Twenty-seven states are weighing tax cuts this year, according to a recent analysis from the left-leaning Institute on Taxation and Economic Policy (ITEP), which termed the push “tax cut fever.” Some officials are considering totally eliminating their state income tax, including in Mississippi and Arkansas, while others are floating property tax cuts, among other ideas.
The drive to cut state taxes has accelerated during the pandemic. During the past two years, dozens of states reduced their income tax rates or created new tax credits and rebates, partly as their coffers overflowed due to strong economic growth and billions in federal pandemic aid. Yet the latest round of tax cuts comes as the economy is showing signs of stress, raising questions about timing.

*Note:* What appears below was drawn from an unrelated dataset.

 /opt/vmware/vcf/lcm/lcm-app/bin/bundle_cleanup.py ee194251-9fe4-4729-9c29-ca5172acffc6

“Times are good now, but if there’s a downturn, what will their response be?”” said Richard Auxier, senior policy analyst at the Tax Policy Center who focuses on state and local tax policy. “Will it be cutting spending on education? And if it’s raising taxes, who will be impacted?”
The current tax cut proposals range from small reductions in states’ income tax rates to getting rid of the individual income tax altogether, as Mississippi Governor Tate Reeves, a Republican who is running for reelection this year, has proposed.

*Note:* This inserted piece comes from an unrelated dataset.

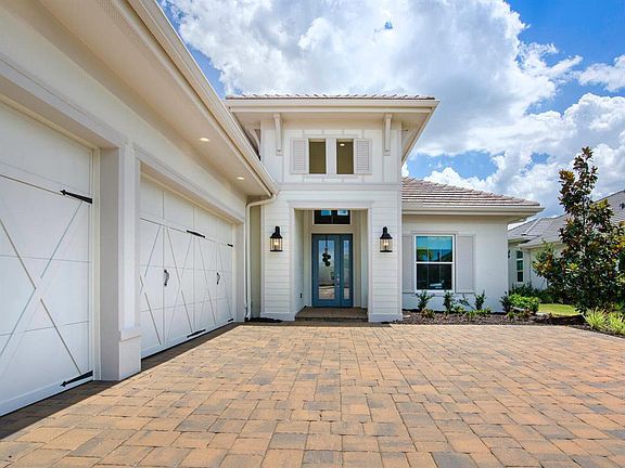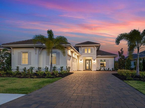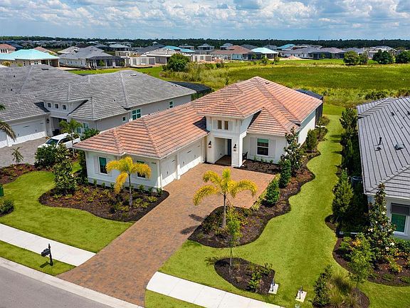 Showcasing simple elegance and sophisticated quality, this coastal contemporary Cambria III home provides idyllic indoor-outdoor living and spaciousness for the life you deserve. Practically brand-new and fully furnished, all your needs are met with high-end finishes and convenience found in a 2021 residence that is move-in ready. Cool blue and vibrant opaque tones create an airy atmosphere that is enhanced with broad windows dressed in custom treatments, wood-look tile floors, high tray ceilings, exquisite fixtures, and timeless décor choices to evoke a sense of luxurious comfort. The open concept floorplan appreciates a split layout, combining the ample great room, dining space and eat-in kitchen. Sliders extend the interiors onto the screened lanai to entertain and relax, featuring a built-in outdoor kitchen, pool and spa overlooking a peaceful preserve setting. The family chef will relish the flexibility of firing up the grill for an alfresco occasion or family-favorite dishes in the custom gourmet kitchen boasting two-tone wood cabinetry, quartz countertops, tile backsplash, stainless appliances including built-in double ovens and gas cooktop, and generous island for gathering. Accommodating diverse needs is a quietly situated den/office with French doors as well as two guest bedrooms and two and one-half guest baths. Apart from the rest of the domains is the owner's suite which presents French doors to the pool and a stunning en-suite bath with dual sinks, a soaking tub and walk-in shower. Completing the picturesque home is a well-equipped laundry room with cabinetry and sink, a three-car garage featuring an epoxy floor, cabinetry with a workstation and shelving for storage, and eye-catching curb appeal of lush landscaping surrounding a brick paver driveway with motor court. The Lake Club is a beautiful, gated community that grants renowned amenities and services including a renovated clubhouse with full-time concierge and activities director, two resort-style heated pools, fine dining, entertainment, a fitness center, spa Har-Tru tennis courts, pickleball, a playground and dog park.

Other states are examining more targeted measures, such as exempting more retirement income from taxation — a move that would benefit older residents but potentially take away revenue that could be used for younger families, ITEP noted.
To be sure, some of these proposals are simply that: ideas floated by lawmakers and governors that may face a long path to becoming law. In some states, the tax cut plans are further along, such as in North Dakota, where lawmakers are weighing a bill that would eliminate the individual income tax for single filers making $44,725 or less and for married filers making $74,750 or less, according to the Bismarck Tribune.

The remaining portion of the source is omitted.